What do you mean? I’ve owned iPhones for 13 years and ordered a Librem earlier this week. I’m determined to use it as my daily driver, no matter how buggy it turns out to be when it arrives.
> "Still, I'm glad Purism continues to stake-out and explain its entire reason for existing."
I'm not convinced that's a good look from this blog post. See the examples they give: "a Catholic priest’s resignation after location data revealed he used the Grindr app and frequented gay bars", "might expand into terrorism, sedition, or similar categories of crime", "[catch] DMCA violations", "Your car could report when you parked illegally or disobeyed the speed limit", "Your smart irrigation system could detect whenever you watered your lawn in violation of water conservation orders".
There's more to this whole topic than "you won't be able to break laws and decieve people with casual abandon", right? Like, a presumption that your customers are actually innocent, maybe.
Innocent? INNOCENT? are you not fucking aware how judicial systems are constructed? I swear, it makes feel that to kill myself is the only solution sometimes! It's illegal to be gay in some countries, and you're born that way.

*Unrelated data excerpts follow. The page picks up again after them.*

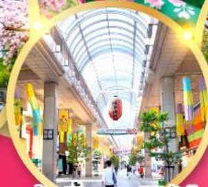
ช้อปปิ้ง ถนนอิชิบังโจ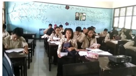
Gambar 6. Kondisi saat Mengerjakan Kuis

Langkah verifikasi dan pengecekan yaitu pemberian tes individu diiringi pemutaran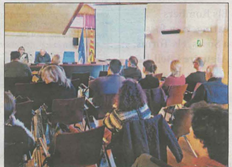
Moment de la presentació del nou pla

de l'edifici estan valorades en 1,5 milions d'euros. D'altra banda, en el cas de la Torre de Capdella, la segona seu de l'Institut s'emplaçarà a l'antiga caserna de la Guardia Civil.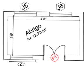
H04 - HOSPITAL - BLOCO D PLANTA BAIXA - TÉRREO

C09 - ABRIGO EXTERNO DE RESIDENTES PLANTA BAIXA - TÉRREO

By writing this comment I violated laws for profanity (writing "fucking" in a public forum), posting about suicide (see roskomnazors' github block over a repo with humorous description of suicide), claiming that some people are born gay (falls under the law of "protection of children from negative information" that even applies in some EU countries).
Innocent! Hah. Give us a name, and we'll find what you're guilty of...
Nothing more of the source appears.